Insights

Why Your Cannabis Site Isn't in ChatGPT, Perplexity, or Claude: Five Diagnostic Signal Failures, the 63-Bot Allowlist, and How AI Citation Is Actually Earned in 2026

By David Peterson, Co-Founder, Bud Authority·Last updated July 6, 2026

AI engines answer 38% of cannabis buyer queries without a click. Five signal failures keep most dispensary sites out of ChatGPT, Perplexity, Claude, and AI Overview.

Get a Free Audit for This Service

// Page Stats

Sections

Words

10 min

Read Time

8 sections

|8 min

> Audit

Introduction

ChatGPT, Perplexity, Claude, and Google AI Overview now answer roughly 38% of cannabis-buyer queries without sending the user to a website. That number — derived from Bud Authority's brand-radar tracking across the cannabis vertical in trailing Q2 2026 — represents the share of queries where the LLM answers in-line and the user does not click through. Bud Authority's own corporate site was cited more than 3,700 times across these AI engines in the trailing 90 days.
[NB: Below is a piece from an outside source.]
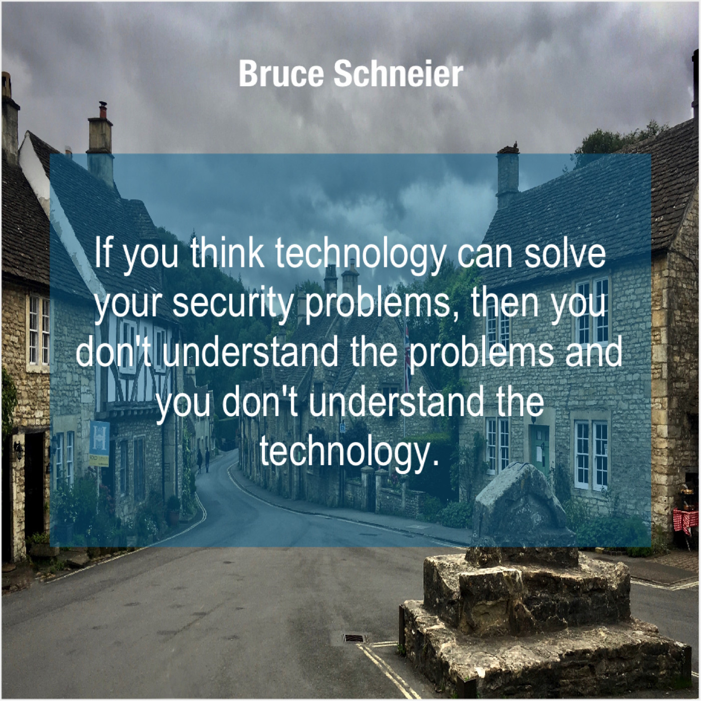 Bruce Schneier Bruce Schneier – If you think technology can… July 27, 2019 admin “If you think technology can solve your security problems, then you don’t understand the problems and you don’t understand the technology.”-Bruce Schneier
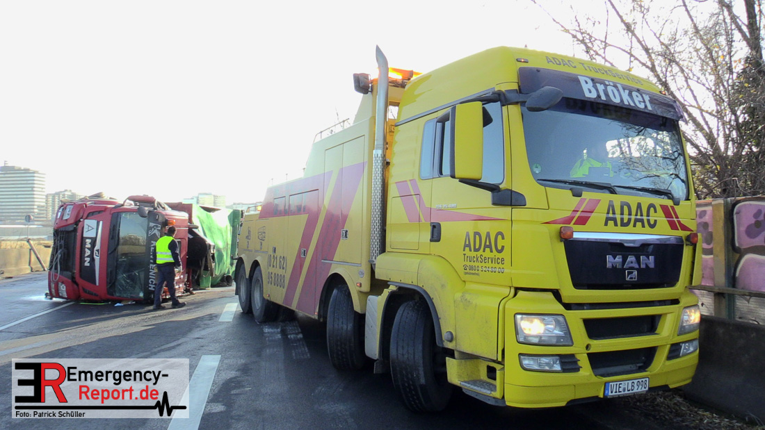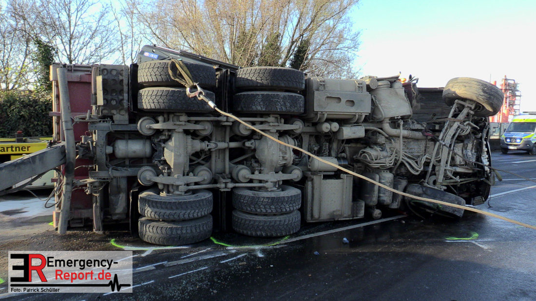 Am Dienstag (7.12.), gegen 10:40 Uhr, erhielt die Polizei Kenntnis von einem, aus bisher ungeklärter Ursache, umgekippten Lastwagen auf dem Willy-Brandt-Ring in Neuss.

Citation is the new ranking. And citation is not random — it is signal-based, and most cannabis sites fail five specific diagnostics.

This guide walks through the five reasons your dispensary site isn't being cited, the 63-bot allowlist Bud Authority ships on every client robots.ts, the manual test protocol to verify citation status, and the four signals that drive cannabis AI citation in 2026 per the April 2026 Core Update and the May 2026 GBP cascade.

// On This Page

Section 01

The 5 Reasons Your Cannabis Site Isn't Cited

Each diagnostic below is a specific signal failure mode. Run all five against the dispensary site under examination.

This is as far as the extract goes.